The response must consist of all the entries, duplicated without alteration.

Information provided -
○ ○ ○ ○

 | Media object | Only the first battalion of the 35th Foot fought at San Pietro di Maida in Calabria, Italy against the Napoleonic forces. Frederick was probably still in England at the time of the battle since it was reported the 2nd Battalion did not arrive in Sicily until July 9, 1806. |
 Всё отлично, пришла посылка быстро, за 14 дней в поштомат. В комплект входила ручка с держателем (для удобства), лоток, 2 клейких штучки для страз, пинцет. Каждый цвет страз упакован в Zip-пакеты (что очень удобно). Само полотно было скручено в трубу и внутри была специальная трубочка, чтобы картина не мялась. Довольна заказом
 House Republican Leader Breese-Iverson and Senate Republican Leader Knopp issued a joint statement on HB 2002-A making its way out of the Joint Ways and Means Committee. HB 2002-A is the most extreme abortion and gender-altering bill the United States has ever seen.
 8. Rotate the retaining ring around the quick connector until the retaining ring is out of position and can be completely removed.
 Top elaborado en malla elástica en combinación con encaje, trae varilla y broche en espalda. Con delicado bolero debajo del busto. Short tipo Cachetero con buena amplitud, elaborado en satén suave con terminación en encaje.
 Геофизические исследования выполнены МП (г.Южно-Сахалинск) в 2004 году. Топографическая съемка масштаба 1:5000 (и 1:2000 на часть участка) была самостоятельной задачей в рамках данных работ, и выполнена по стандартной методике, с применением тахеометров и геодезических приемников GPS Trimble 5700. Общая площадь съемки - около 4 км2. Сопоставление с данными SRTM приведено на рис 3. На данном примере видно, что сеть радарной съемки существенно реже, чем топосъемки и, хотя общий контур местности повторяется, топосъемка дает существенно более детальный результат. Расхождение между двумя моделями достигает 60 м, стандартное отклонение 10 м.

○ ○ ○ ○

Answer for the task -
 | Media object | Only the first battalion of the 35th Foot fought at San Pietro di Maida in Calabria, Italy against the Napoleonic forces. Frederick was probably still in England at the time of the battle since it was reported the 2nd Battalion did not arrive in Sicily until July 9, 1806. |
 Всё отлично, пришла посылка быстро, за 14 дней в поштомат. В комплект входила ручка с держателем (для удобства), лоток, 2 клейких штучки для страз, пинцет. Каждый цвет страз упакован в Zip-пакеты (что очень удобно). Само полотно было скручено в трубу и внутри была специальная трубочка, чтобы картина не мялась. Довольна заказом
 House Republican Leader Breese-Iverson and Senate Republican Leader Knopp issued a joint statement on HB 2002-A making its way out of the Joint Ways and Means Committee. HB 2002-A is the most extreme abortion and gender-altering bill the United States has ever seen.
 8. Rotate the retaining ring around the quick connector until the retaining ring is out of position and can be completely removed.
 Top elaborado en malla elástica en combinación con encaje, trae varilla y broche en espalda. Con delicado bolero debajo del busto. Short tipo Cachetero con buena amplitud, elaborado en satén suave con terminación en encaje.
 Геофизические исследования выполнены МП (г.Южно-Сахалинск) в 2004 году. Топографическая съемка масштаба 1:5000 (и 1:2000 на часть участка) была самостоятельной задачей в рамках данных работ, и выполнена по стандартной методике, с применением тахеометров и геодезических приемников GPS Trimble 5700. Общая площадь съемки - около 4 км2. Сопоставление с данными SRTM приведено на рис 3. На данном примере видно, что сеть радарной съемки существенно реже, чем топосъемки и, хотя общий контур местности повторяется, топосъемка дает существенно более детальный результат. Расхождение между двумя моделями достигает 60 м, стандартное отклонение 10 м.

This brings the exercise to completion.